Take a hike: Author talks land history in library presentation
Author and journalist Alison O’Leary knows the best day hikes near Boston -- and a few of them are close to Wareham, too.
O’Leary led a talk with the Wareham Library Foundation, where she detailed some of the hiking spots in her book, “Best Day Hikes Near Boston.”
The book is a guide to 60 hikes, from Cape Ann to Chatham. It has information, guides and graphs that detail information from the difficulty of hikes to whether they’re dog-friendly. But one thing O’Leary wasn’t able to fit as much of in the book was history.
“I kept saying I really want to get this information in,” she said.
But her editor only allowed her a small bit of space under each hike’s description to get into the history.
“No, no.
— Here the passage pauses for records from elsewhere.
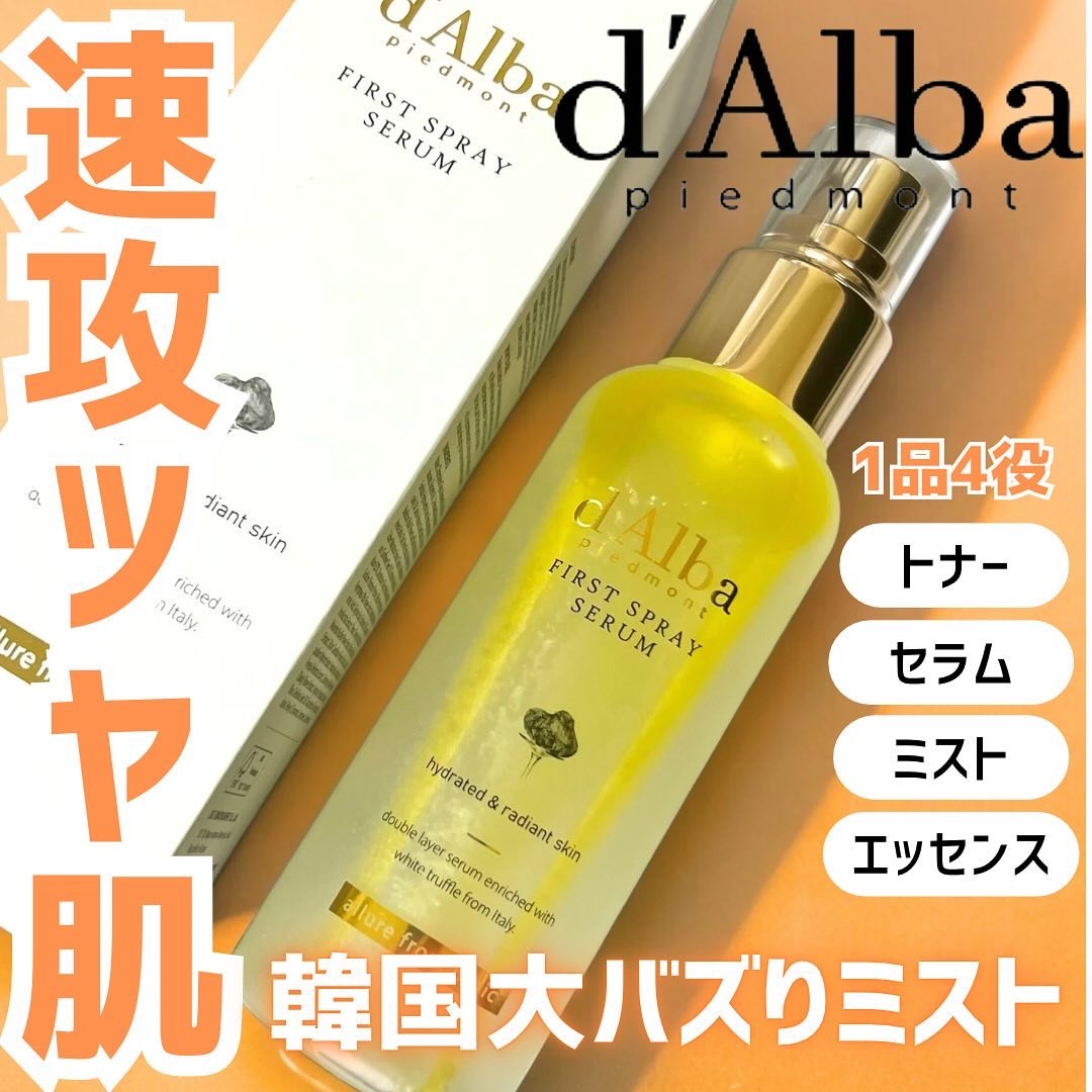 - イタリア産ホワイトトリュフ*と植物性オイルで豊かな水分を与えツヤ肌に仕上げる保湿ケアミストです。肌表面の保湿だけでなく、内側までしっかり二重で保湿可能。さらにダルバ独自のトリュフェロールTMが肌に弾力を与えます。霧のような細かなミストで洗顔後やお風呂上り以外のメイクの上からでもメイクを邪魔することなく使用することができます。 *ツベルマグナツムエキス(保湿成分) イタリアヴィーガン認証V-LABEL取得 皮膚低刺激テスト済み *全ての方に皮膚刺激が発生しないということではありません。 【ご使用方法】 1. 洗顔後、3~5回振って中身が十分に混ざった後、顔全体にまんべんなく噴射して軽くたたいて肌に馴染ませます。 * 鼻や口から吸い込まないように注意してください。 【使用上の注意】 お肌に異常が生じていないかよく注意して使用してください。化粧品がお肌に合わないとき即ち次のような場合には、使用を中止してください。そのまま使用を続けますと、症状を悪化させることがありますので、皮ふ科専門医等にご相談されることをおすすめします。 (1)使用中、赤味、はれ、かゆみ、刺激、色抜け(白斑等)や黒ずみ等の異常があらわれた場合 (2)使用したお肌に、直射日光があたって(1)のような異常があらわれた場合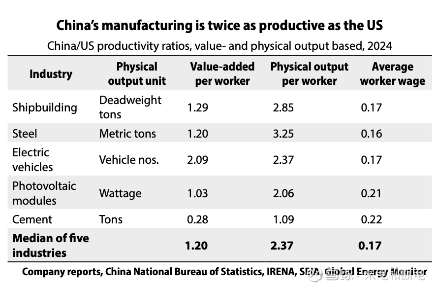 下表总结的调查结果令人震惊。在每个行业中,中国制造业的人均劳动生产率均高于美国,平均是美国的2.4倍。按名义增加值计算,中国优势缩小到平均1.2倍。水泥是异常值:中国人均实物产出略高于美国,但由于价格差异巨大,按名义增加值计算的生产率为美国工人的 28-50%。(所有行业两年的完整数据见附录。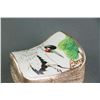 Chinese silver cosmetic case; with curved top set with famille rose porcelain plaque; painted with cranes; body decorated with dots and leafy pattern; 5 cm x 10 cm, 230 grams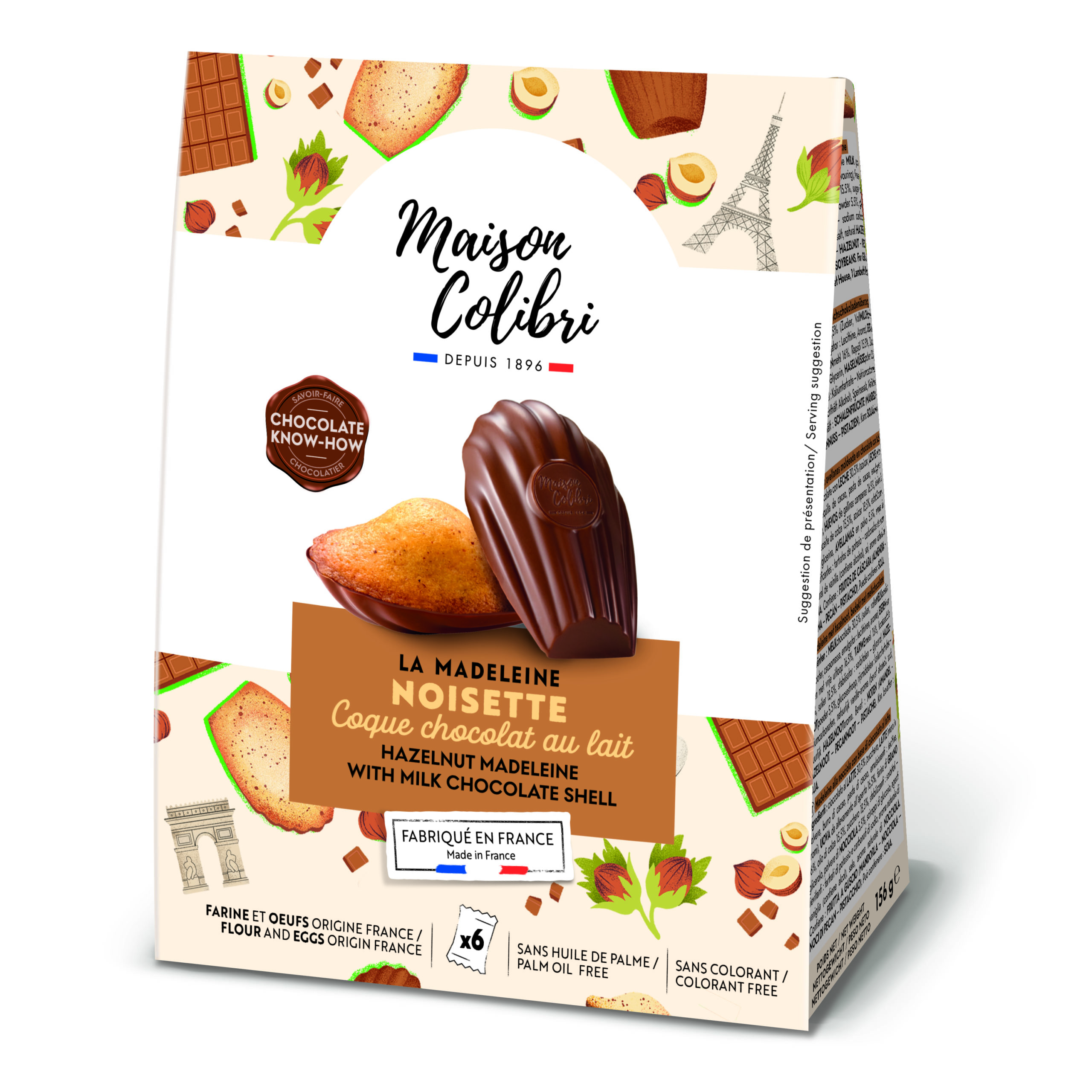 Hier wird die knusprige Vollmilchschokolade mit den zarten Madeleines und Haselnuss kombiniert. Ein einzigartiges und geschütztes Rezept seit 1973,  das Markenzeichen von Maison Colibri !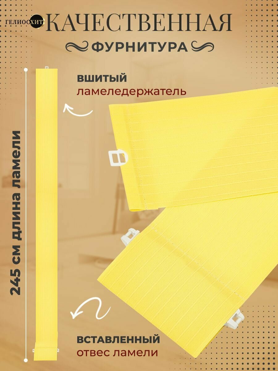 СохранитьЛамели для вертикальных жалюзи 20 шт высотой 245 см желтого цвета (карниз приобретается отдельно), гелиосхит. интересное: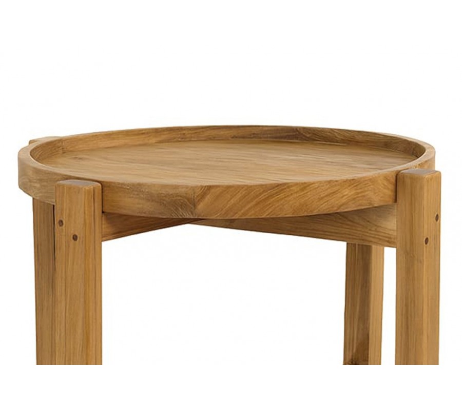Teakové dřevo je mimořádně pevné a husté. Jeho přirozená kresba dřeva dodává stolku charakter, jemné odstíny a originální barevné přechody dělají stolek jedinečným kusem nábytku. Stolek je ručně vyroben, proto se mohou vyskytnout drobné odchylky, které podtrhují jeho autenticitu.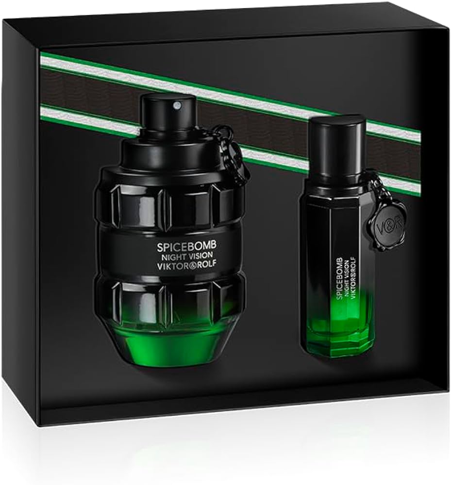 Spicebomb Night Vision Eau de Toilette de Viktor&Rolf es una fragancia oriental fougère para hombre. Se lanzó en 2019. Fue creada por Nathalie Lorson y Pierre Negrin. Sus notas de salida son manzana Granny Smith, cardamomo, mandarina verde y pomelo; las notas de corazón son pimienta, salvia, nuez moscada, chile rojo, clavo y geranio; y las notas de fondo son haba tonka, notas amaderadas y almendra. El set incluye: SPICEBOMB NIGHT VISION EDT 90ML + PERFUMERO EDT 20ML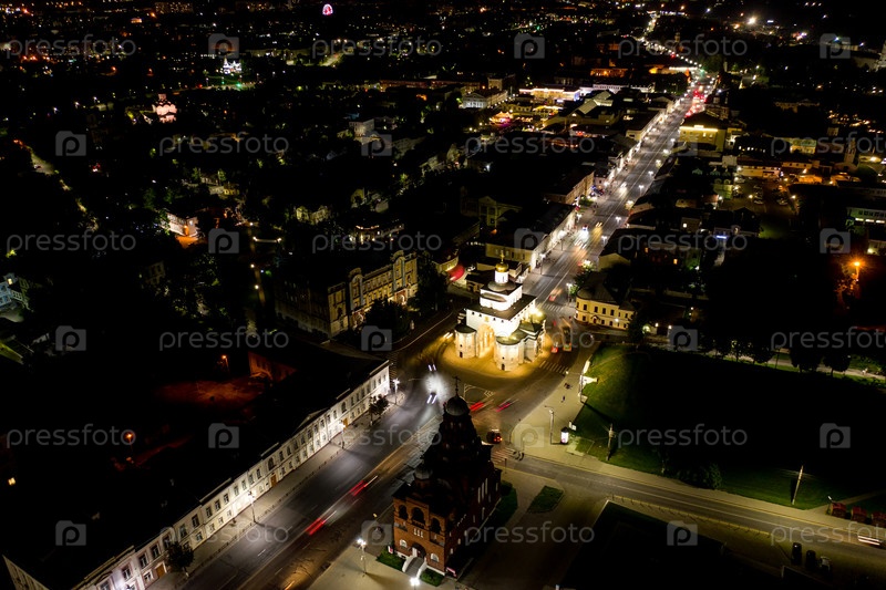Россия, Владимир Золотые ворота (Владимир). Вид на воздух ночью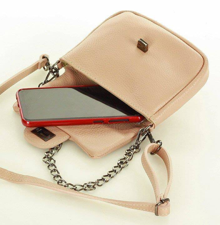 Włoska listonoszka choć jest niewielkich rozmiarów, jest bardzo praktyczną mini torebką. Schowasz do niej najbardziej potrzebne drobiazgi, bez których nie ruszasz się z domu: smartfon, karty płatnicze, bilet na tramwaj, klucze do mieszkania a nawet mały portfel. Torebka zdobiona odpinanym łańcuszkiem, po podpięciu, którego możesz ją nosić w formie eleganckiej wizytowej mini kopertówki. Wykonana z naturalnej skóry, starannie wykończona będzie Ci towarzyszysz przez wiele lat. Jednokomorowe wnętrze zamykana na klapę z klamerką. W środku znajduje się kieszonka na zamek. Komfort noszenia dopełnia regulowany, również odpinany długi pasek. Praktyczna i funkcjonalna torebka sprawdzi się zarówno na co dzień jak i na wielkie wyjścia. Sięgnij po nią kiedy potrzebujesz niewielkiej i lekkiej torebki na najpilniejsze drobiazgi!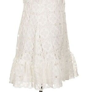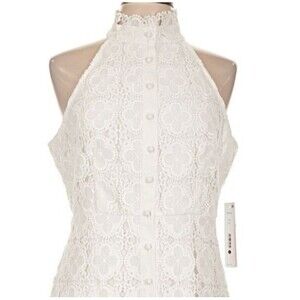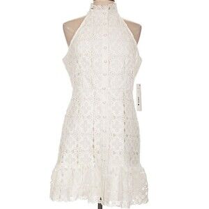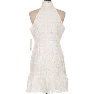 This designer Aqua white lace halter neckline ruffle hem sleeveless dress in size large is a perfect choice for various occasions such as travel, weddings, parties, and formal events.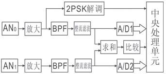 感應(yīng)無(wú)線位置檢測(cè)系統(tǒng)電路框圖如圖5所示。當(dāng)中控室地面局開(kāi)始發(fā)送載波信號(hào)時(shí),DCD=1;CPU檢測(cè)到DCD后,對(duì)2PSK解調(diào)輸出檢測(cè),將第1個(gè)1作為起始位進(jìn)行串行數(shù)據(jù)接收,得到APD位置數(shù)據(jù)g;在檢測(cè)G0的時(shí)間段,啟動(dòng)A/D1和A/D2,從A/D1和A/D2讀出接收線圈0接收的信號(hào)幅度A(AN0)和接收線圈1接收的信號(hào)幅度A(AN1),將各數(shù)據(jù)代入公式(5)~(8),可得移動(dòng)機(jī)車(chē)位置ADD。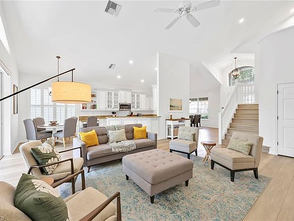 RARELY AVAILABLE - TOTAL REMODELED 3 BR+OPEN DEN , 3 BATH POOL HOME FOR RENT IN PELICAN MARSH. This Spectacular Home features many upgrades including - A Remodeled Kitchen with Granite Counters and Custom Cabinetry, All New Lighting and Fans, Electric Hurricane Shutters, New Patio Furniture, LVT Flooring Throughout, Walk In Closet and Newer Appliances. The Master Bathroom has a Travertine Shower, Jetted Tub, New Vanity, Tiled Shower and a Glass enclosure. The first floor Guest Suite has a Full Bath with an Updated Vanity. The upper level features a Guest Suite with a Fully Remodeled Bath plus a Loft/Den/Entertainment area. Beach Equipment is also available for your Beach Excursions. The renter has full access to the main Pelican Marsh Community Center with Lighted Tennis Courts, Pickleball, Bocce, State of the Art Fitness Center and loads of activities. Extra Fridge and Storage in the Garage. Minutes to the beaches, dining, entertainment, Whole Foods and shopping in Mercato.
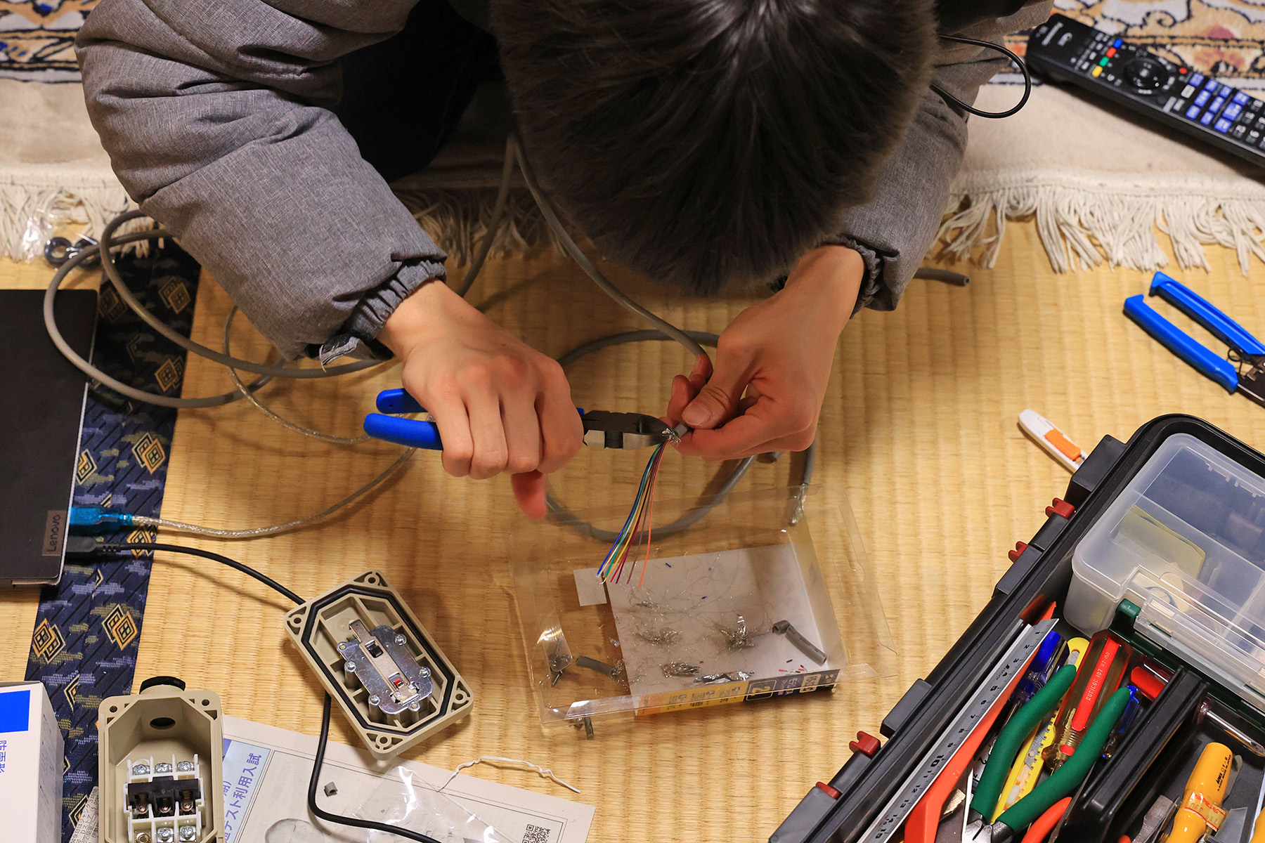USB – RS232Cケーブル自体には手を付けず、そこから安価なD-sub 9pinの延長ケーブルをバラして接続させました。9芯ケーブルの皮むきは初めてだったので指導しました。あとはなんとか勝手にやって動かせたようです。ネット動画で有志の方による手順が懇切丁寧に説明されているので、それを観ながらできるようですね。ダウンジャケットを脱ぐ前に皮むきに着手している夢中っぷりは大事だと思います。これくらい夢中になれることがあると良いですよね。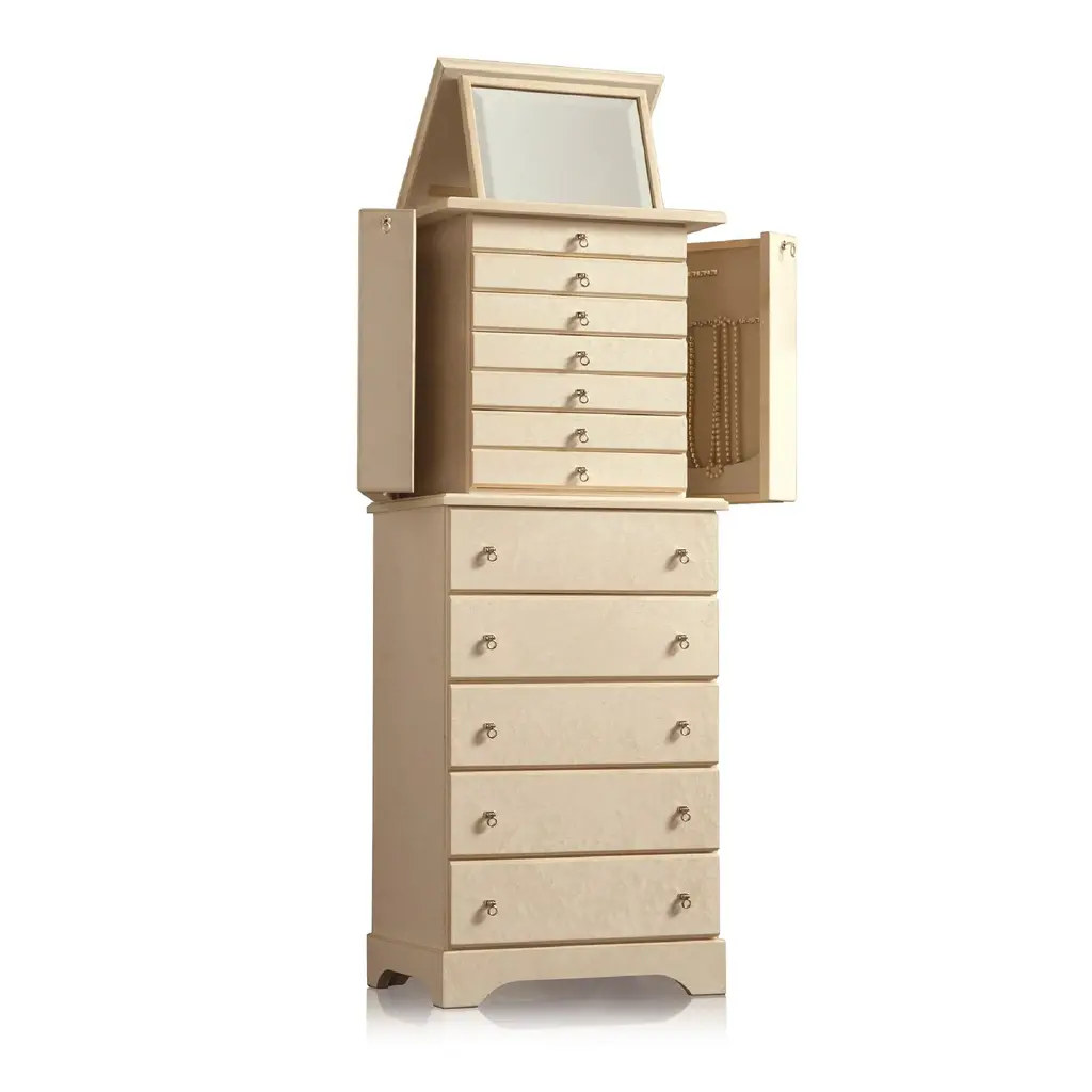 Since 1949, Agresti has crafted the pinnacle of luxury safes, trunks, and jewelry boxes in Florence, using only the finest materials, including full-grain leather, exotic woods, and textures like shagreen. As the premier name in high-end, custom solutions for safeguarding valuables, Agresti integrates cutting-edge security features: biometric access, secret compartments, unique keys, and hidden doorseverything you see in movies, they make real. Favored in multimillion-dollar estates, yachts, and private jets. Contact us to discover more about this exceptional product. Elevate your jewelry collection with the Agresti Lo Scrigno Jewelry Cabinet. Crafted in matte cream bird's eye maple with ultrasuede lining, this luxurious armoire features 24 karat gold plated brass accessories and lockable doors with necklace bars. The top section boasts an adjustable mirror, while the bottom drawers provide ample space for scarves, lingerie, and personal objects.

Just the facts, ma’am,” he told her.
So O’Leary took it upon herself to teach the history of the hikes in talks.
She said her interest in the history of land was first piqued when she found a California gold coin in her backyard as a child.
“It’s not as though my house is the first structure on this land,” she said. “It’s not as though my family are the first people on this land.”
O’Leary described hikes and things to do at Bradley Palmer State Park, Middlesex Fells, Lynn Woods, Walden Pond, Burrage Pond, Whitney Thayer Woods, Blue Hills and Myles Standish State Forest. And a few of those spots had some interesting history to go along with the hikes.
Bradley Palmer State Park’s namesake, an avid equestrian, had no heir. So his 721-acre property defaulted to the state after his death. Palmer’s mansion on the property, featuring ornate woodwork and a stone facade, is available for Massachusetts residents’ events.
There’s a local legend in Lynn about the Lynn Woods, which says a pirate that ran from a battle with the British Militia in the city elected to live under a rock in the Lynn Woods with his treasure. He and his treasure are said to have been crushed by the rock.
In the mid-1800s, Hiram Marble, a man who claimed to be able to speak to the dead, said he was called to the supposed site of the pirate’s demise, and began digging for the pirate’s treasure. The result was a 135-foot tunnel in the woods which can be visited today.
O’Leary also described the history of land in the state in general. Before industrialization, forests were a rarity -- farmers would raze the land for crops and livestock.
Post-industrialization, some of those forests began to grow back. White Pines were the first to repopulate the land and can now be seen, often contrasted by stone walls built by farmers, across the state.
Between park history and forest bathing, a kind of meditation in nature, O’Leary wants people to better appreciate nature.
“We tend to take for granted what we have in these green spaces,” she said.